A promissory note allows the purchaser to acquire stock without immediate cash payment, providing flexibility in financing. It serves as a formal commitment to pay the agreed amount over time, which can be beneficial for both parties.
The agreement includes essential details such as the identities of the parties, the number of shares being sold, the price per share, provisions for repurchase options, transfer restrictions, and the requirement for signatures in the presence of witnesses.
Yes, this Stock Purchase Agreement is designed to comply with the laws of all states, making it a versatile option for various jurisdictions. However, it's advisable to consult with a legal professional to ensure compliance with specific state regulations.
In the event of a default, the agreement typically includes provisions for the company to reclaim the shares sold. This repurchase option protects the company's interests and ensures that the transaction remains secure.
Is This Form Right For You?
Use This Form If:
- Individuals who are looking to invest in a corporation may require this Stock Purchase Agreement to formalize their acquisition of shares while utilizing a promissory note as payment.
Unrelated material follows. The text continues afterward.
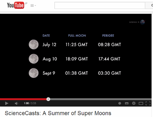 観測できるのはグリニッジ標準時で7月12日、8月10日、9月9日。7月は終わってしまいましたが、8月10日は満月が午後6時9分(日本時間11日午前3時9分)、最接近が午後5時44分(日本時間11日午前2時44分)と時間的に近いため、特に大きなスーパームーンとなりそうです。

This legal document ensures that both parties understand the terms of the sale and the obligations involved.
- Situations requiring the sale of stock in exchange for a promissory note often arise during corporate financing rounds. This agreement provides a structured approach to document the transaction, ensuring compliance with legal standards and protecting the rights of both the seller and buyer.
- For those involved in a corporate restructuring, this Stock Purchase Agreement is essential to outline the terms under which stock is sold, particularly when the payment method includes a promissory note. It helps clarify the responsibilities of each party and the implications of any repurchase options.
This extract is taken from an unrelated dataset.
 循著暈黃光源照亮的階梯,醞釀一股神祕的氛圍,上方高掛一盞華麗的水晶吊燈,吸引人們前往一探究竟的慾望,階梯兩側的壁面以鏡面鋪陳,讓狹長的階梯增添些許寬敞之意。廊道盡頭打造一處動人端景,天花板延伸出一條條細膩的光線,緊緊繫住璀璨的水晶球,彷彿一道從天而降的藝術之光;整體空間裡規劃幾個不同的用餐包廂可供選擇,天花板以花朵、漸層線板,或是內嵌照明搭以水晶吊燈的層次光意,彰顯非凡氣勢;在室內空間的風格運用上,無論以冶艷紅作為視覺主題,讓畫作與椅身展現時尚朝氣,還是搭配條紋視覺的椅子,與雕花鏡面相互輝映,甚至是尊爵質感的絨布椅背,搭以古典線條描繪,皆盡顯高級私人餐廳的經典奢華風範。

- Companies planning to issue stock to new investors may utilize this agreement to facilitate the transaction while ensuring that all necessary legal provisions are included. This includes stipulations regarding transfer restrictions and the handling of stock certificates.
- Entrepreneurs seeking to secure funding through stock sales can benefit from this agreement, as it provides a clear framework for the transaction. By using a promissory note, they can manage cash flow while still attracting investment.
Do Not Use If:
- – This form is not appropriate for transactions involving public companies where securities regulations may impose additional requirements. Public offerings often require more complex documentation and compliance with federal securities laws.
- – If the purchaser is unable to meet the financial obligations outlined in the promissory note, this agreement should not be used. It is essential that both parties have the financial capacity to fulfill their commitments to avoid potential legal disputes.
- – In situations where the stock being sold is not common stock or is subject to different regulatory requirements, this agreement may not be suitable. Specialized agreements may be necessary to address unique circumstances related to preferred stock or other equity instruments.
- – This agreement should not be utilized for informal agreements or verbal understandings between parties. A legally binding contract is essential for protecting the interests of both the seller and buyer in stock transactions.
- – For transactions involving multiple purchasers or complex ownership structures, a more comprehensive agreement may be required. This form is best suited for straightforward stock purchases between a single seller and buyer.